DESCRIPTION OF THE TASK:
The lines from the one containing "Viola er en" through the last one in the data: please copy those exactly, and only those, without the pictures.

DATA EXCERPT:
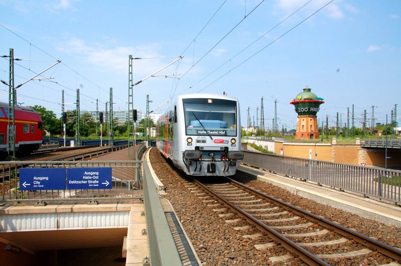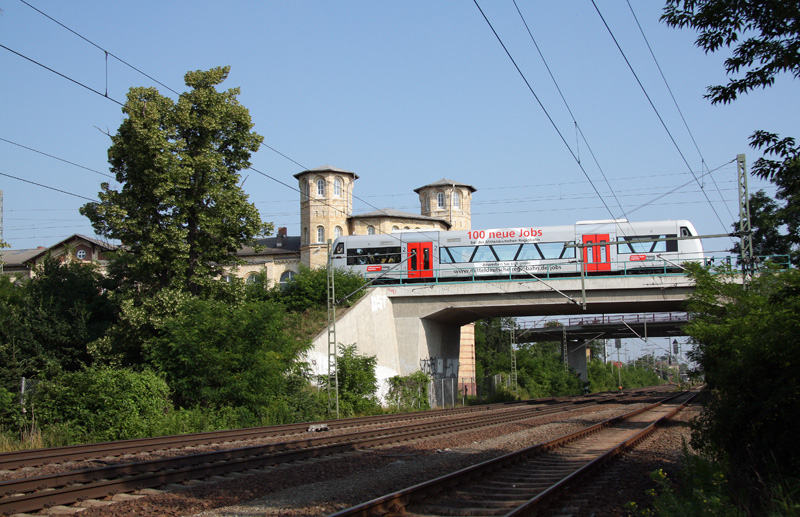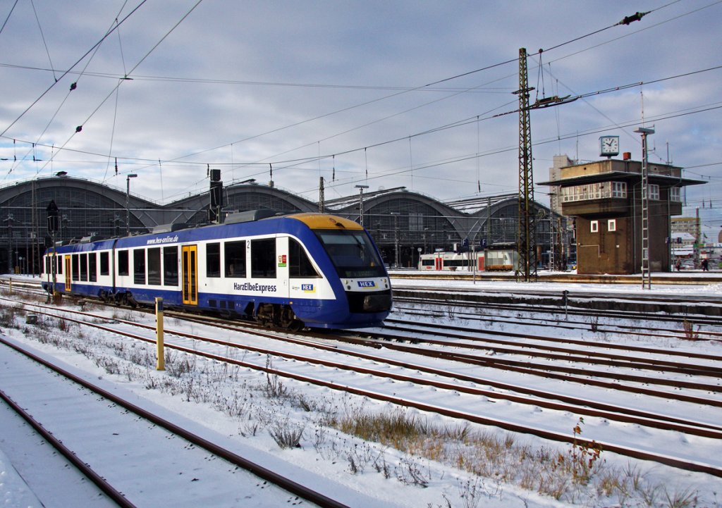 Nein, das ist nicht der Harz-Elbe-Express! VT 808 ist zur Aushilfe in Leipzig und unterstützt seine "Kollegen" von der Mitteldeutschen Regiobahn auf deren neuen Strecken rund um Leipzig. Hier verläßt er als MRB2 88529 den Leipziger Hauptbahnhof mit Fahrtziel Borna bei Leipzig. René Richter
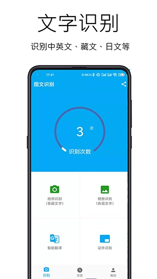 3、文字存储功能:每次识别出的文字都能保存至本地,形成识别历史记录。
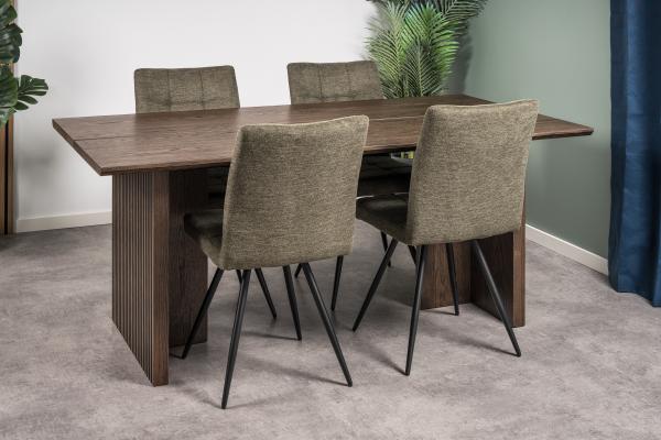 Viola er en moderne spisebordsstol fra Homeville med drejefunktion. Stolen er fremstillet i grønt møbelstof.
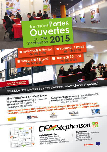 Les prochaines Journées Portes Ouvertes auront lieu le samedi 7 mars de 10h à 17h, le mercredi 15 avril de 14h à 18h, et le samedi 30 mai de 10h à 17h dans les locaux du CFA Stephenson au 48 rue Stephenson dans le 18ème arrondissement à Paris.

WRITTEN SOLUTION:
 Viola er en moderne spisebordsstol fra Homeville med drejefunktion. Stolen er fremstillet i grønt møbelstof.
 Les prochaines Journées Portes Ouvertes auront lieu le samedi 7 mars de 10h à 17h, le mercredi 15 avril de 14h à 18h, et le samedi 30 mai de 10h à 17h dans les locaux du CFA Stephenson au 48 rue Stephenson dans le 18ème arrondissement à Paris.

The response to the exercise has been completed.